One of the benefits of regular meditation is a letting go of things that don't
matter and focusing on the things that do.

------
lujim
There are mountains of good and bad info on meditation. Here is a primer on
mindfulness as I understand it from Ronald Siegel (Assistant Clinical
Professor of Psychology at Harvard Medical School, author etc)

The human brain has two default modes of operation and you have very little
control over them. They exist because they offered an evolutionary advantage
in much more dangerous times, but don't necessarily promote a sense of well
being/happiness in a modern relatively safe world. a) Pleasure seeking and
pain avoidance b)Self referential thought ("Am I good enough, smart enough and
do people like me?")

Mindfulness offers a third option. Relaxed open awareness with general
acceptance. It can be done my anchoring awareness on a physical sensation like
the breath. You won't be able to hold your concentration there very long
before you realize you're thinking of something else. You are mindful when you
realize your mind had drifted and you bring it back to your anchor.

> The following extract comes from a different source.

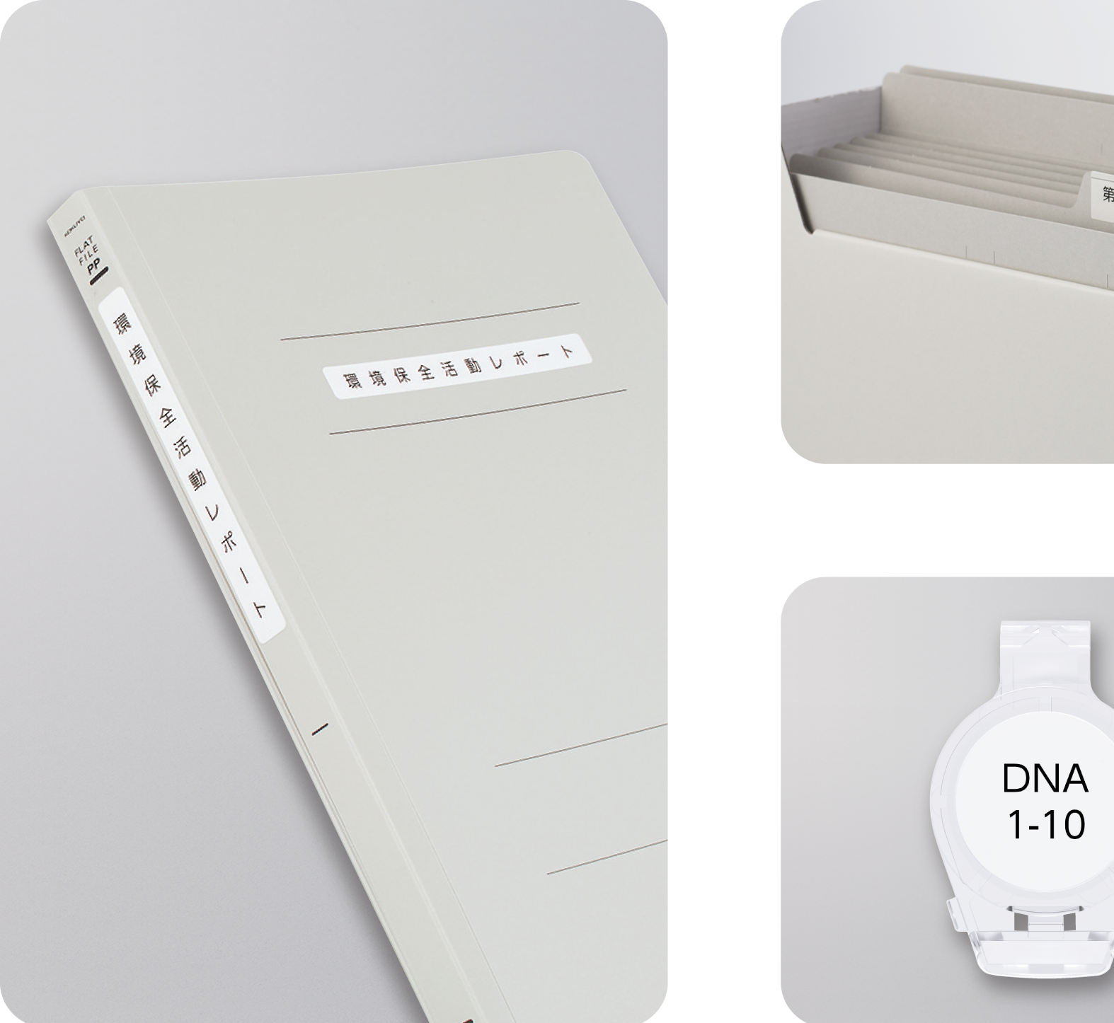 パソコンでラベルを編集し、タイトルブレーンクロスで印刷できます。

It offers tons of well studied and documented benefits like increased activity
in the left prefrontal cortex with is good for reasons that google can tell
you.

A note from my experience. Expect the timeline of benefits to be similar to
starting a cardio or weight training program. Your first few times may seem
like a waste of time but the benefits start piling up after a few weeks.

------
Confusion
That headline is misleading. It was an experiment with 91 female volunteers
and the 'vacation' was not something I would consider a vacation.

------
andyjohnson0
There was some useful discussion of meditation on HN a few years ago [1].
Reading it, I was surprised by how many people here use meditation and benefit
from it - professionally as well as personally.

This [2] post by twotimesposter is a particularly good answer to the question
of "how to meditate to achieve mindfulness?". So much so that I bookmarked it.
Really must get around to trying it.

[1]
[https://news.ycombinator.com/item?id=4926642](https://news.ycombinator.com/item?id=4926642)

[2]
[https://news.ycombinator.com/item?id=4928060](https://news.ycombinator.com/item?id=4928060)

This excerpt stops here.